What the exercise asks
Please make sure what you return matches the listing below exactly, minus its pictures.

Provided material
○ ○ ○ ○ ○
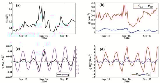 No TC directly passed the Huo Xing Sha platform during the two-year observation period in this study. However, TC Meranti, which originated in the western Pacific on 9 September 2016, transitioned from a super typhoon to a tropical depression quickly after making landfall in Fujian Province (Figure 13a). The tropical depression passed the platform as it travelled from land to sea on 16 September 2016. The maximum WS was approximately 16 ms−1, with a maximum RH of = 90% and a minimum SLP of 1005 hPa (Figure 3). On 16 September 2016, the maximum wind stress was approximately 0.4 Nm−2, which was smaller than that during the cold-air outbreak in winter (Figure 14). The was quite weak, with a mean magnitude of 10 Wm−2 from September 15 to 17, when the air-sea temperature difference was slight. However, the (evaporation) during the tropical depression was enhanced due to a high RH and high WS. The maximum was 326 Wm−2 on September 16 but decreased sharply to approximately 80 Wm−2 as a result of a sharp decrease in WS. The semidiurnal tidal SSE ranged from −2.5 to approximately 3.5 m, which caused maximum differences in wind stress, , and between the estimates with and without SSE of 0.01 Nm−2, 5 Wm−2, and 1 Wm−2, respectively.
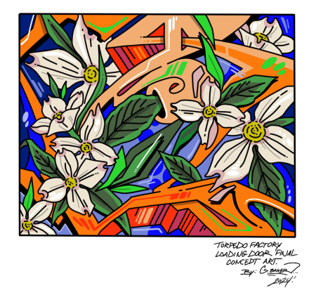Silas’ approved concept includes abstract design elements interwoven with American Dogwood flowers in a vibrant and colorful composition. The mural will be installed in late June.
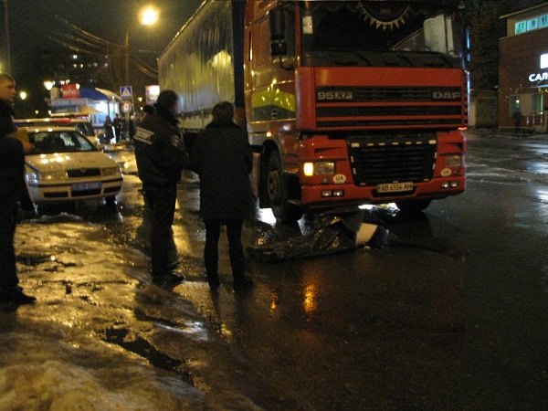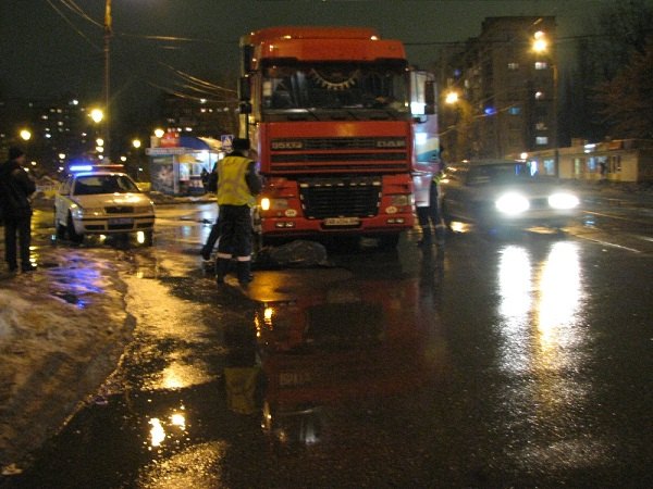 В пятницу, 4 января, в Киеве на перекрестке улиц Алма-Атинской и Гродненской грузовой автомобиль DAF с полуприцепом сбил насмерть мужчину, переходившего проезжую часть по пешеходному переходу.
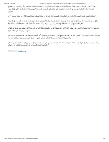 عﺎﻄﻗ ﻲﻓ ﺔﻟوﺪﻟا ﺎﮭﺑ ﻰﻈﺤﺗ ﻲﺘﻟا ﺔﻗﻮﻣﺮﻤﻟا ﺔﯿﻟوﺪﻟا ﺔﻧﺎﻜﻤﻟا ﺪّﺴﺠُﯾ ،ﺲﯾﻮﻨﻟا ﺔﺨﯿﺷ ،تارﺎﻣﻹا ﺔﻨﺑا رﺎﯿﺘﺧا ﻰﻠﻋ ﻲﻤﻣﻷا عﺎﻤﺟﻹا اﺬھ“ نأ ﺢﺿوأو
○ ○ ○ ○ ○
Written response
 No TC directly passed the Huo Xing Sha platform during the two-year observation period in this study. However, TC Meranti, which originated in the western Pacific on 9 September 2016, transitioned from a super typhoon to a tropical depression quickly after making landfall in Fujian Province (Figure 13a). The tropical depression passed the platform as it travelled from land to sea on 16 September 2016. The maximum WS was approximately 16 ms−1, with a maximum RH of = 90% and a minimum SLP of 1005 hPa (Figure 3). On 16 September 2016, the maximum wind stress was approximately 0.4 Nm−2, which was smaller than that during the cold-air outbreak in winter (Figure 14). The was quite weak, with a mean magnitude of 10 Wm−2 from September 15 to 17, when the air-sea temperature difference was slight. However, the (evaporation) during the tropical depression was enhanced due to a high RH and high WS. The maximum was 326 Wm−2 on September 16 but decreased sharply to approximately 80 Wm−2 as a result of a sharp decrease in WS. The semidiurnal tidal SSE ranged from −2.5 to approximately 3.5 m, which caused maximum differences in wind stress, , and between the estimates with and without SSE of 0.01 Nm−2, 5 Wm−2, and 1 Wm−2, respectively.
Silas’ approved concept includes abstract design elements interwoven with American Dogwood flowers in a vibrant and colorful composition. The mural will be installed in late June.
 В пятницу, 4 января, в Киеве на перекрестке улиц Алма-Атинской и Гродненской грузовой автомобиль DAF с полуприцепом сбил насмерть мужчину, переходившего проезжую часть по пешеходному переходу.
 عﺎﻄﻗ ﻲﻓ ﺔﻟوﺪﻟا ﺎﮭﺑ ﻰﻈﺤﺗ ﻲﺘﻟا ﺔﻗﻮﻣﺮﻤﻟا ﺔﯿﻟوﺪﻟا ﺔﻧﺎﻜﻤﻟا ﺪّﺴﺠُﯾ ،ﺲﯾﻮﻨﻟا ﺔﺨﯿﺷ ،تارﺎﻣﻹا ﺔﻨﺑا رﺎﯿﺘﺧا ﻰﻠﻋ ﻲﻤﻣﻷا عﺎﻤﺟﻹا اﺬھ“ نأ ﺢﺿوأو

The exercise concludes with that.